Data flow: a secret read

1. Developer types:   keynv exec -- mysql -p@billing.prod.db_password -h localhost
                          │
2. CLI parses argv,       ▼
   finds @aliases.    ┌───────────────────────────────┐
                      │ keynv CLI (privileged)        │
                      │  ─ check local cache for      │
3. If cached & fresh,─┤    @billing.prod.db_password  │
   skip server call.  │  ─ if miss/stale, GET /v1/... │
                      └────────────┬──────────────────┘
                                   │
4. Cache hit returns:              ▼
   {dek: encrypted, sealed: ...}
                      ┌───────────────────────────────┐
                      │ unwrap DEK with KEK from      │
                      │ OS keychain.
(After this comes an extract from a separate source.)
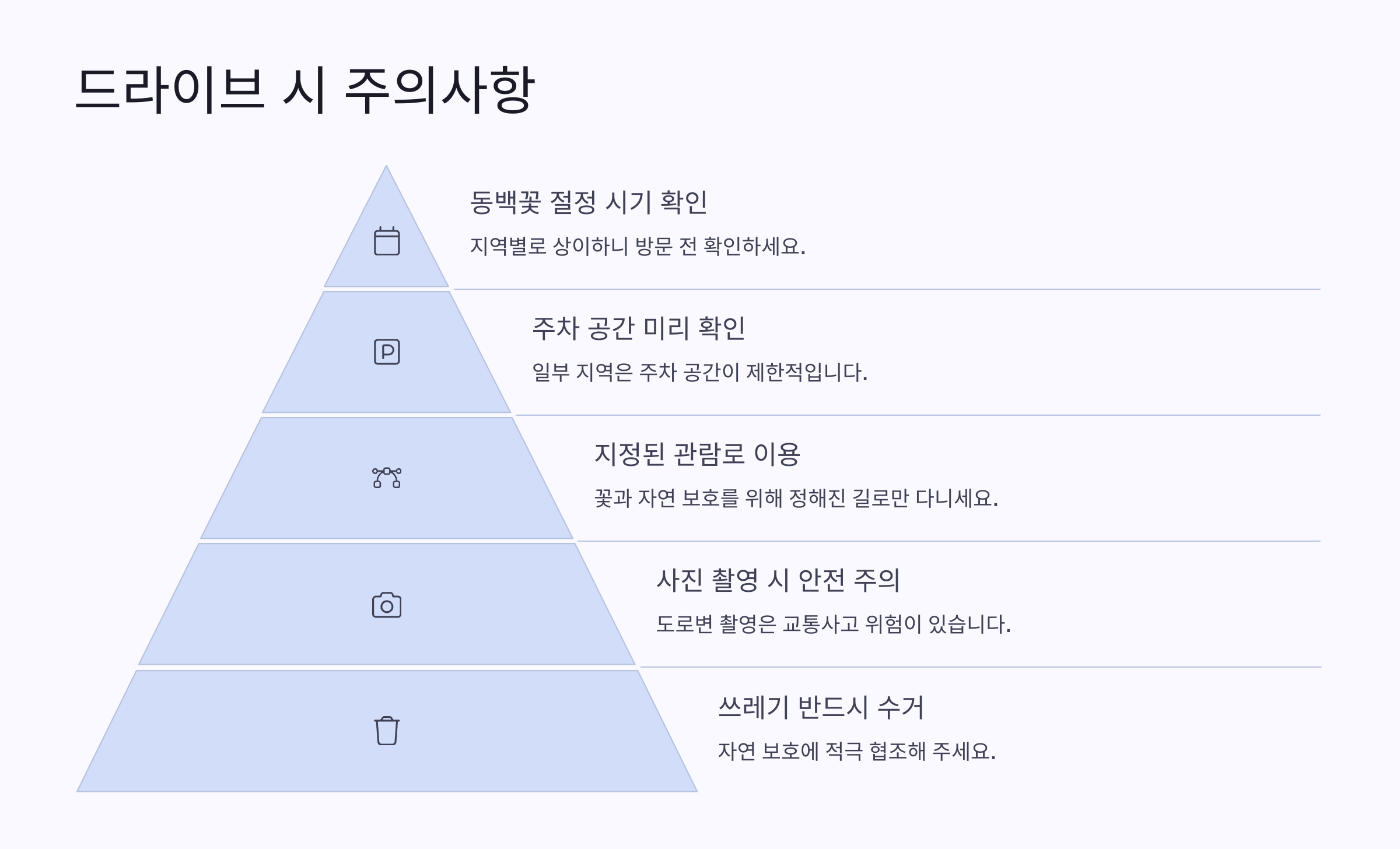 동백꽃 드라이브는 경치에 집중하다 보면 운전에 소홀해질 수 있어서 몇 가지 유의할 점을 꼭 챙기는 게 좋아요. 특히 봄철은 미세먼지, 황사, 급변하는 날씨 등 도로 환경이 변수라 안전운전에 더 신경 써야 해요.

Decrypt sealed   │
                      │ secret. Plaintext lives in    │
                      │ memory ONLY in this process.  │
                      └────────────┬──────────────────┘
                                   │
5. Spawn subprocess                ▼
   with substituted argv:    fork+exec("mysql", ["-psecret123", "-h", "localhost"])
   * Subprocess does NOT inherit  agent's env/fd/cwd.
   * Argv visible only via /proc/<pid>/cmdline to same uid.
                                   │
6. Pipe subprocess stdout          ▼
   through redactor.        ┌───────────────────────────────┐
                            │ Redactor: line-buffered.       │
                            │ Replace patterns → <REDACTED>  │
                            └────────────┬──────────────────┘
                                         │
7. AI agent's bash tool                  ▼
   sees:                       "Connected. Server version 8.0.36."
                               (instead of secret123 — never seen)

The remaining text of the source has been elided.